4.      Epistemology

a.       “There is no reality of the way things are, independently of the way we talk about it.”

b.      He used a dialectical method in teaching that demonstrated two contradictory views on everything.

5.      Metaphysics

a.       “Man is the measure of all things, of those that are that they are, of those that are not that they are not.”

b.      He was agnostic about the existence of the gods.

6.      Ethics

a.       We should not view ethical questions as being true or false, but as being sounder, or more useful.

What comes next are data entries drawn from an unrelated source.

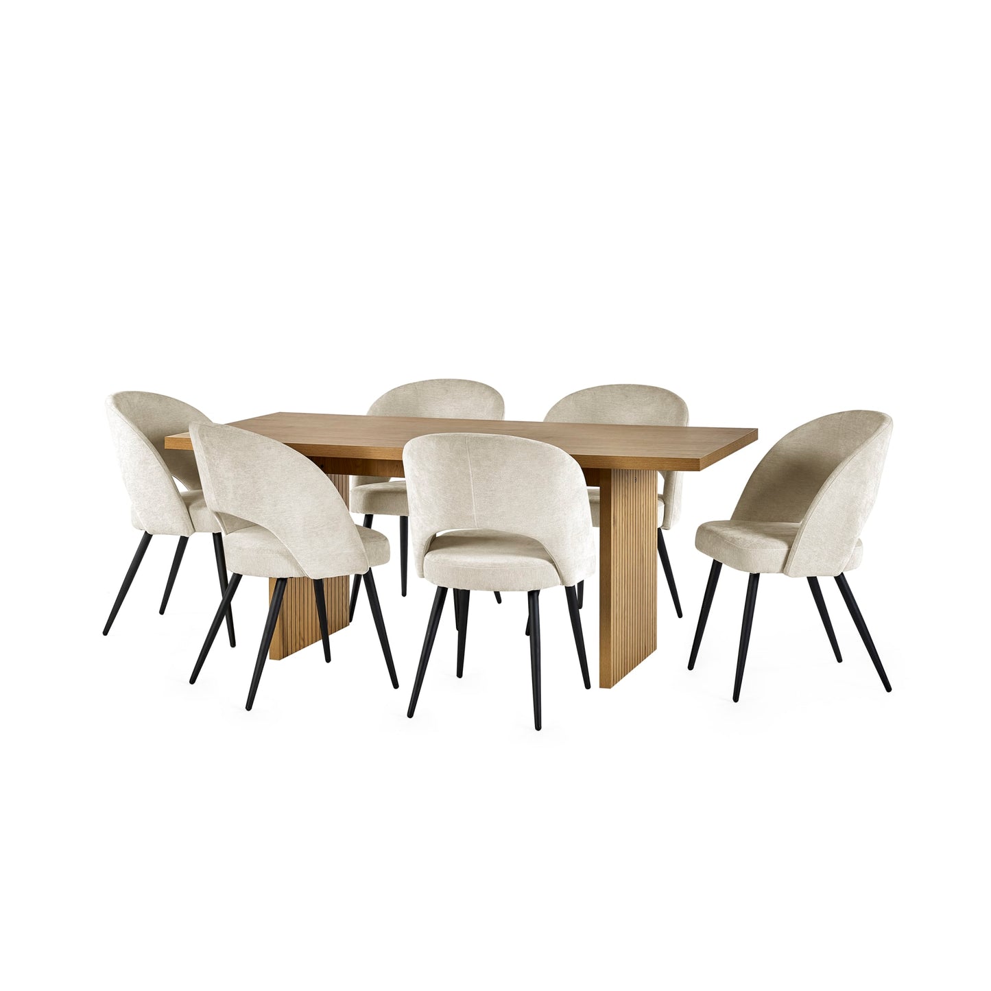 Dine in style with this bold rectangular table that brings a fresh, modern feel to your space. The light oak effect finish adds warmth, while the wide slatted legs are accented with slim black lines for a touch of contrast and character. Generously sized to seat six comfortably, it's ideal for everything from quick breakfasts to relaxed get togethers. Assembly required. Chairs sold separately.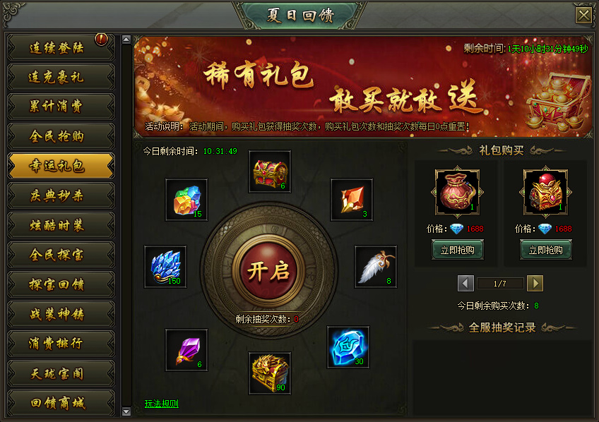 活动说明:活动期间,购买礼包即可获得抽奖次数,购买礼包次数和抽奖次数每日0点重置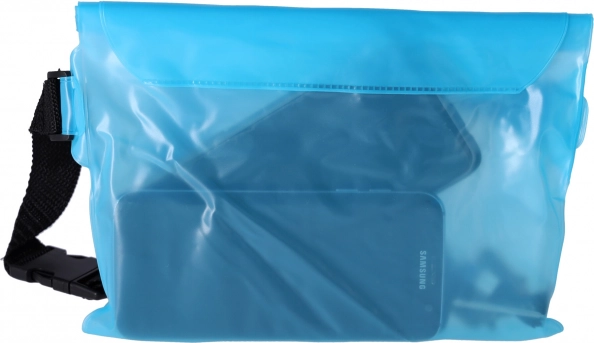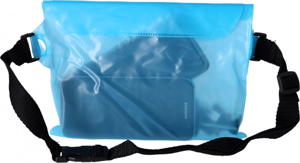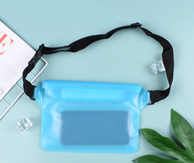 Praktická a štýlová vodotesná ľadvinka v svetlomodrej farbe chráni váš telefón, doklady, kľúče aj hotovosť pred vodou a pieskom. Vďaka transparentnému materiálu umožňuje ovládanie dotykovej obrazovky, má nastaviteľný popruh a bezpečné zapínanie na suchý zips. Ideálne na pláž, bazén aj vodné športy.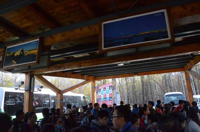 西坡也需要排队等环保车,这人比昨天北坡的队伍明显少很多,不知道是不是因为时间早的原因。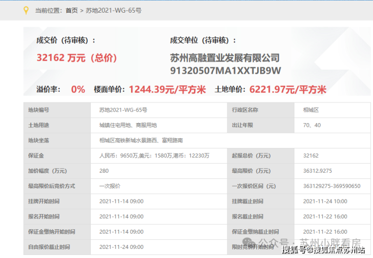 丰隆海纹中心,即,苏地2021-WG-65号地块,位于相城区高铁新城水景路西、富翔路南,是2021年11月24日,高融置业以底价32162万元竞得,成交楼面价1244元/平。咨询热线:18662309054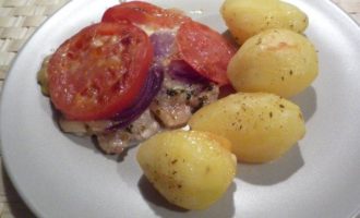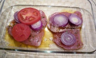Разогреть духовку до 200°C. На смазанный маслом противень выложить куски свинины, сверху лук, затем помидор…

b.      Protagoras was a relativist.

    1. Gorgias—the first agnostic

1.      Gorgias was a Sophist that lived c. 483 to 375 B.C. from Sicily. He spent time in Athens.

2.      He was a student of Empedocles.

3.      He began in philosophy, later renounced it, and devoted himself to rhetoric.

4.      He wrote On Not-being or Nature.

5.      Epistemology

a.       He taught that nothing exists, and that even if it did, it could not be known.

b.      If knowledge of being ever existed, it could not be imparted.

6.      Metaphysics—He followed Parminedes argument and believed that nothing exists.

    1. Cratylus

1.      He lived c. 428 to 348 B.C. in Athens and was an older contemporary of Plato and a disciple of Heraclitus.

2.      Epistemology

a.       He taught that one could not even step into the same river once.

b.      “The world of sense-perception is a world of flux, and so not the right subject matter for true and certain knowledge.”

3.      Metaphysics—He was not sure that anything existed, including himself.

    1. Thrasymachus

1.      He was a sophist from Chalcedon

2.      Ethics—He believed that “might makes right.”